[RECORDS SHOWN — start]

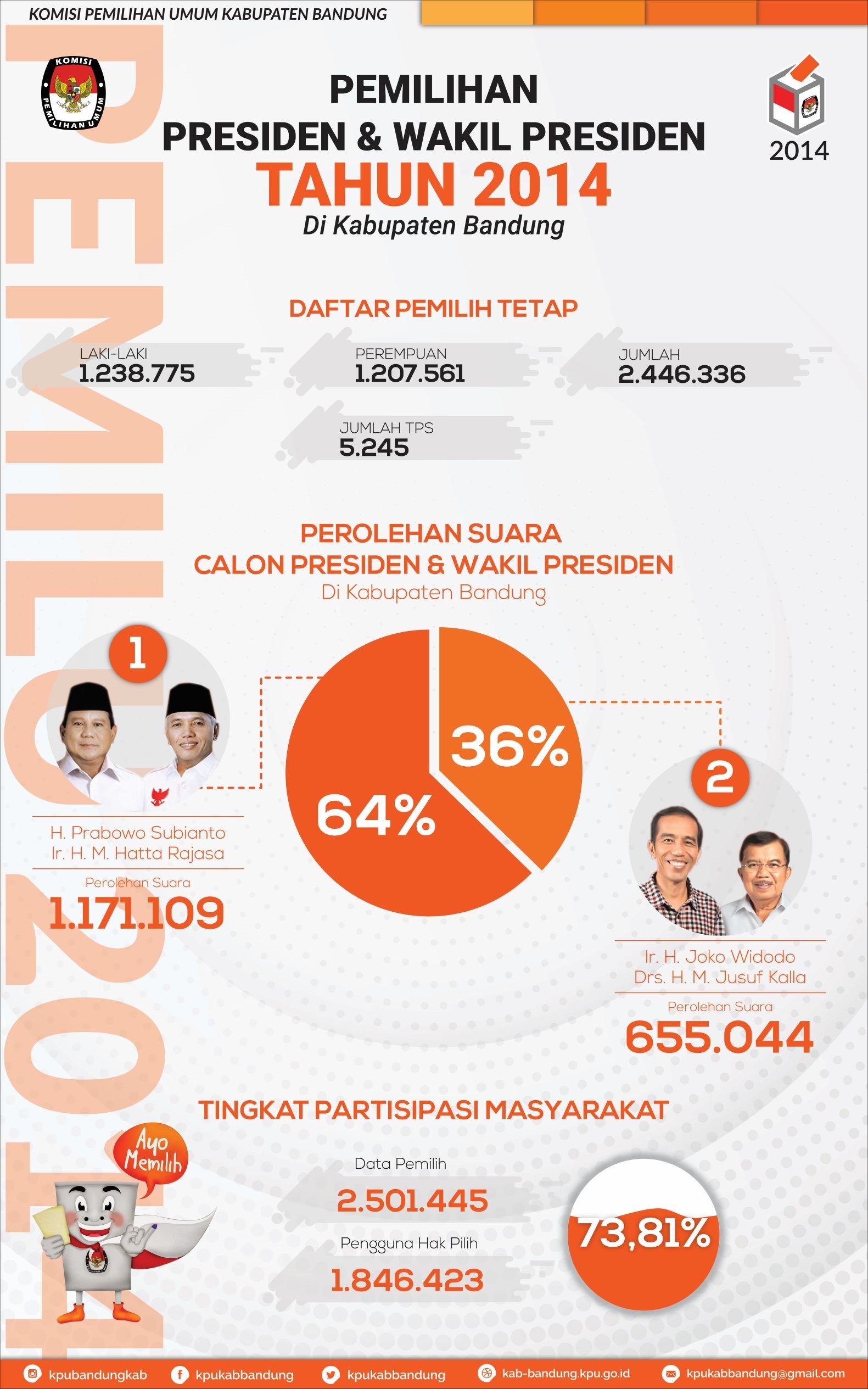 Pemilu Legislatif Tahun 2014 diikuti oleh 15 Partai Politik dan 36 Calon Anggota DPD untuk kuota di Provinsi Jawa Barat. Pemilu Presiden dan Wakil Presiden (Pilpres) Tahun 2014 diselenggarakan dengan ketentuan Pasangan Calon yang memperoleh suara lebih dari 50% ditetapkan sebagai pemenang. Persyaratan untuk dapat mengusulkan Pasangan Calon adalah diusung oleh Parpol/Gabungan Parpol minimal memperoleh 20% dari kursi DPR atau 25% suara sah. Pilpres diikuti oleh 2 Pasangan Calon, yang terdiri dari: (1) Prabowo Subianto dan Hatta Rajasa yang diusung oleh Partai Golongan Karya (Golkar), Partai Gerakan Indonesia Raya (Gerindra), Partai Amanat Nasional (PAN), Partai Keadilan Sejahtera (PKS), Partai Persatuan Pembangunan (PPP), dan Partai Bulan Bintang (PBB); serta (2) Joko Widodo dan Muhammad Jusuf Kalla yang diusung oleh Partai Demokrasi Indonesia Perjuangan (PDI Perjuangan), Partai Kebangkitan Bangsa (PKB), Partasi Nasdem (Nasional Demokrat), dan Partai Hati Nurani Rakyat (Hanura).
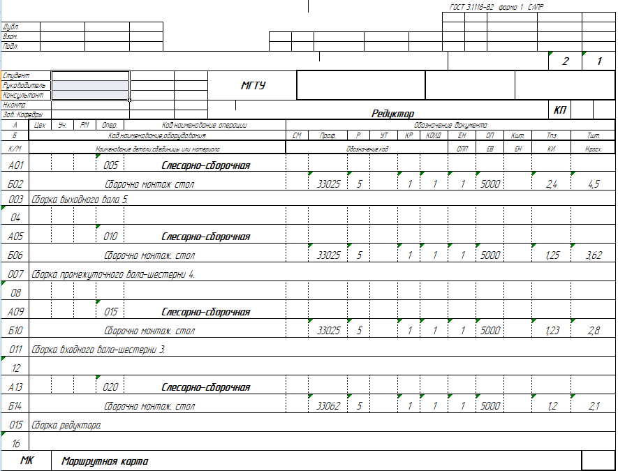Для студентов МГТУ им. Н.Э.Баумана по предмету Технология производства машин (МТ-3)Технологические процессы сборки редуктора и изготовления детали тихоходный валТехнологические процессы сборки редуктора и изготовления детали тихоходный вал
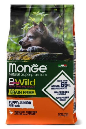 Monge Dog BWild Grain Free Puppy & Junior (Утка, картофель) - это полноценный и сбалансированный корм для щенков. Разработано для благополучия ваших щенков всех пород благодаря выбору альтернативных источников углеводов, не получаемых из злаков, таких как картофель.
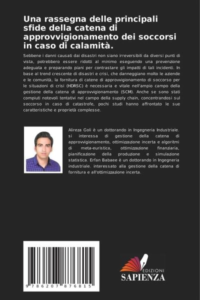 Sebbene i danni causati dai disastri non siano irreversibili da diversi punti di vista, potrebbero essere ridotti al minimo eseguendo una prevenzione adeguata e preparando piani per contrastare gli impatti di tali incidenti. In base al trend crescente di disastri e crisi, che danneggiano molto le aziende e le comunità, la fornitura di catene di approvvigionamento di soccorso per le situazioni di crisi (HDRSC) è necessaria e vitale nell'ampio campo della gestione della catena di approvvigionamento (SCM). Anche se sono stati compiuti notevoli tentativi nel campo della supply chain, concentrandosi sul soccorso in caso di catastrofe, pochi studi hanno affrontato le sue caratteristiche e proprietà complesse.
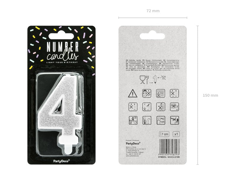 Geburtstagskerze Ziffer 4 in silbernem Glitzer. Größe ca. 7 cm. Passt zu jedem Geburtstagskuchen.
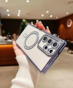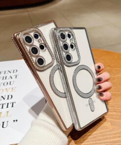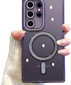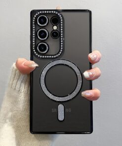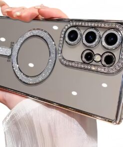 Samsung Galaxy S23/S24/S25 Ultra Magnetic Case with Glitter Diamond Camera Protector, Luxury Plating Bling Rhinestones Soft Bumper Clear Transparent Phone Case
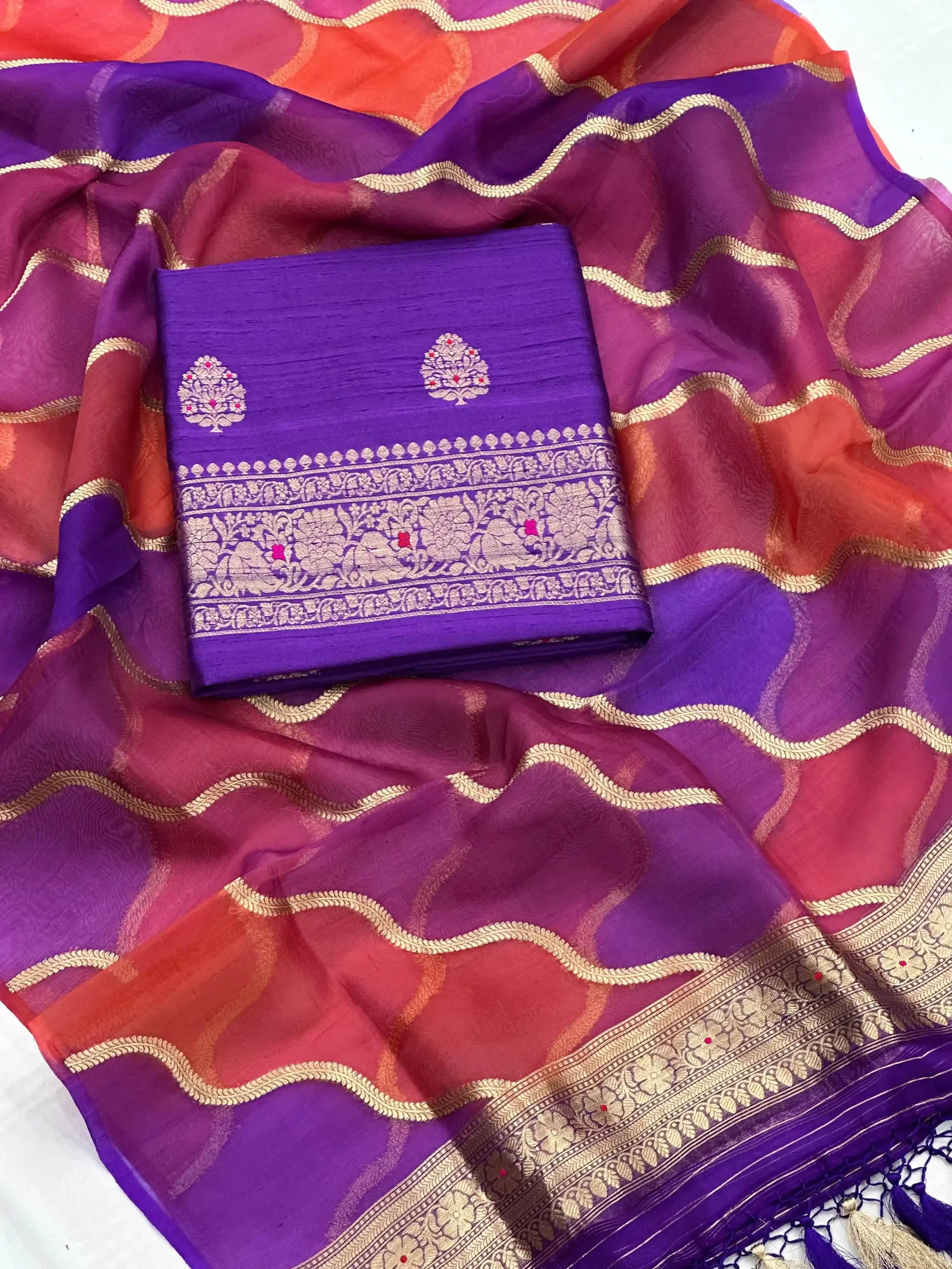 • Pure Banarasi Raw Silk Kadhwa Meenadar Suit
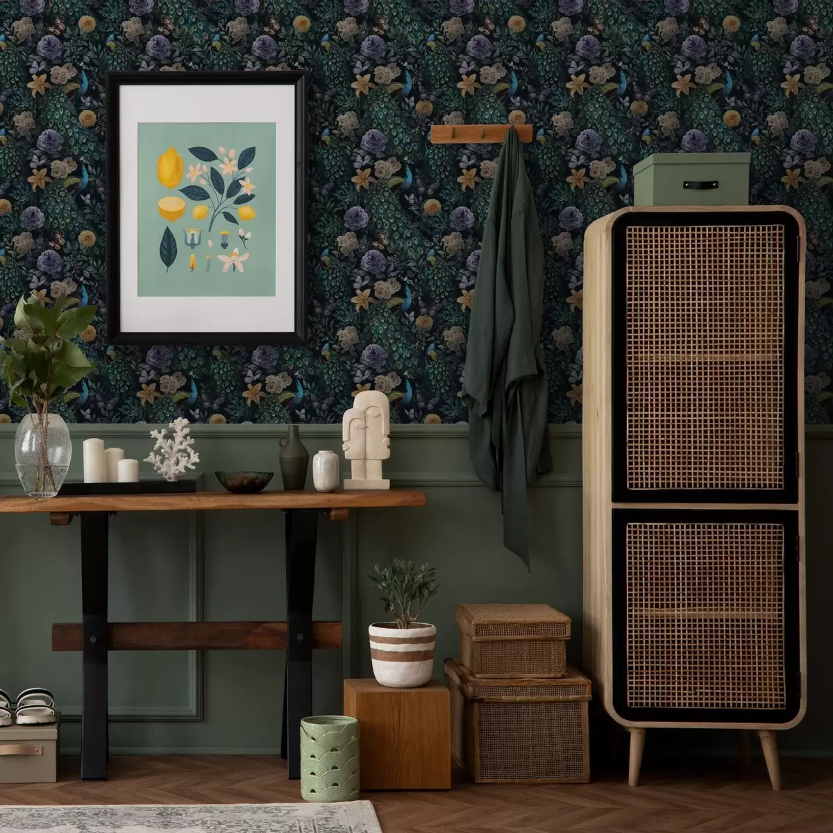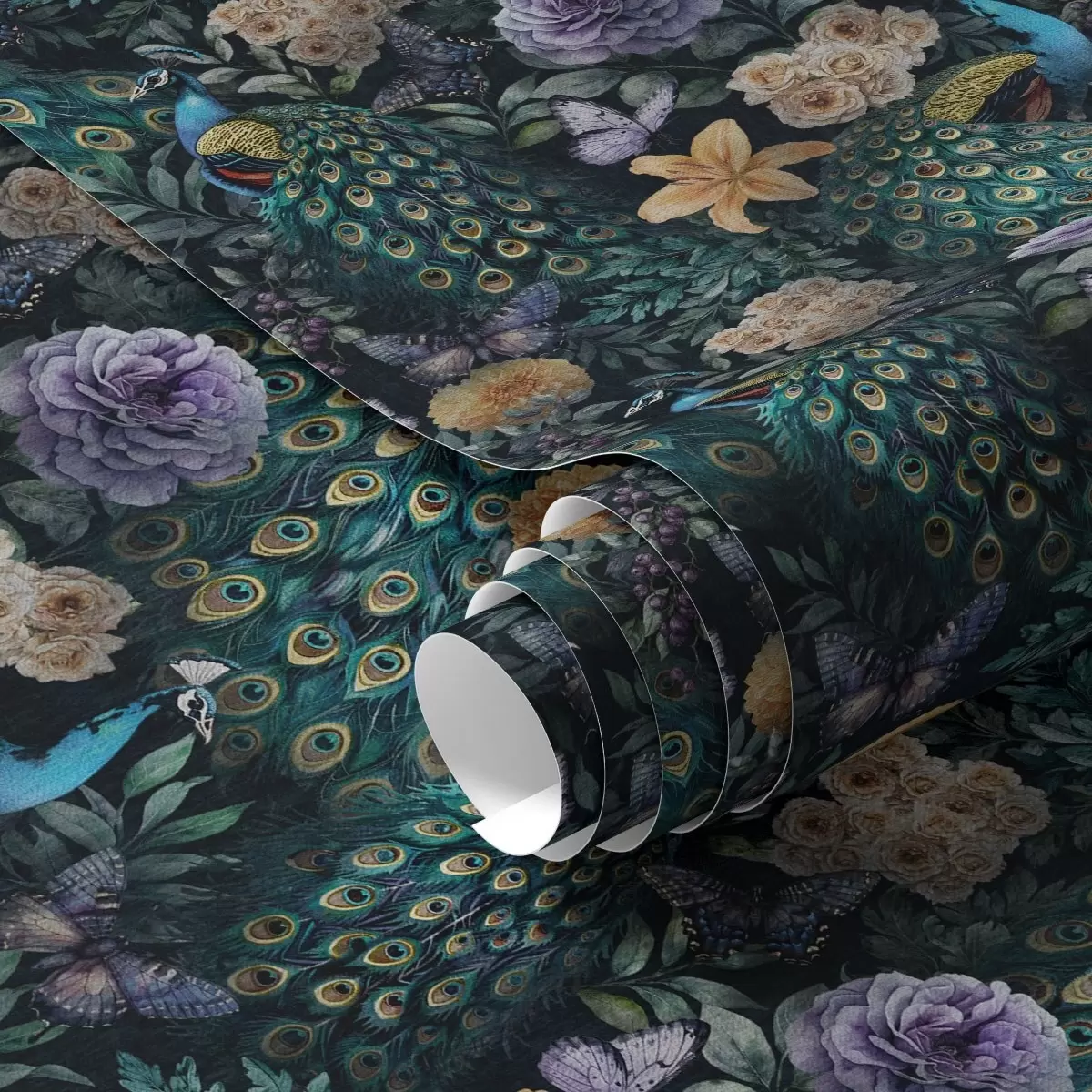 Tapetai Povai tarp tamsių gėlių ir drugelių Nr. a00348

[RECORDS SHOWN — finish]

→ **EXERCISE DIRECTIONS**:
Return the entries exactly as given. Do not include pictures.

→ **RESPONSE TO THIS TASK**:
 Pemilu Legislatif Tahun 2014 diikuti oleh 15 Partai Politik dan 36 Calon Anggota DPD untuk kuota di Provinsi Jawa Barat. Pemilu Presiden dan Wakil Presiden (Pilpres) Tahun 2014 diselenggarakan dengan ketentuan Pasangan Calon yang memperoleh suara lebih dari 50% ditetapkan sebagai pemenang. Persyaratan untuk dapat mengusulkan Pasangan Calon adalah diusung oleh Parpol/Gabungan Parpol minimal memperoleh 20% dari kursi DPR atau 25% suara sah. Pilpres diikuti oleh 2 Pasangan Calon, yang terdiri dari: (1) Prabowo Subianto dan Hatta Rajasa yang diusung oleh Partai Golongan Karya (Golkar), Partai Gerakan Indonesia Raya (Gerindra), Partai Amanat Nasional (PAN), Partai Keadilan Sejahtera (PKS), Partai Persatuan Pembangunan (PPP), dan Partai Bulan Bintang (PBB); serta (2) Joko Widodo dan Muhammad Jusuf Kalla yang diusung oleh Partai Demokrasi Indonesia Perjuangan (PDI Perjuangan), Partai Kebangkitan Bangsa (PKB), Partasi Nasdem (Nasional Demokrat), dan Partai Hati Nurani Rakyat (Hanura).
Для студентов МГТУ им. Н.Э.Баумана по предмету Технология производства машин (МТ-3)Технологические процессы сборки редуктора и изготовления детали тихоходный валТехнологические процессы сборки редуктора и изготовления детали тихоходный вал
 Monge Dog BWild Grain Free Puppy & Junior (Утка, картофель) - это полноценный и сбалансированный корм для щенков. Разработано для благополучия ваших щенков всех пород благодаря выбору альтернативных источников углеводов, не получаемых из злаков, таких как картофель.
 Sebbene i danni causati dai disastri non siano irreversibili da diversi punti di vista, potrebbero essere ridotti al minimo eseguendo una prevenzione adeguata e preparando piani per contrastare gli impatti di tali incidenti. In base al trend crescente di disastri e crisi, che danneggiano molto le aziende e le comunità, la fornitura di catene di approvvigionamento di soccorso per le situazioni di crisi (HDRSC) è necessaria e vitale nell'ampio campo della gestione della catena di approvvigionamento (SCM). Anche se sono stati compiuti notevoli tentativi nel campo della supply chain, concentrandosi sul soccorso in caso di catastrofe, pochi studi hanno affrontato le sue caratteristiche e proprietà complesse.
 Geburtstagskerze Ziffer 4 in silbernem Glitzer. Größe ca. 7 cm. Passt zu jedem Geburtstagskuchen.
 Samsung Galaxy S23/S24/S25 Ultra Magnetic Case with Glitter Diamond Camera Protector, Luxury Plating Bling Rhinestones Soft Bumper Clear Transparent Phone Case
 • Pure Banarasi Raw Silk Kadhwa Meenadar Suit
 Tapetai Povai tarp tamsių gėlių ir drugelių Nr. a00348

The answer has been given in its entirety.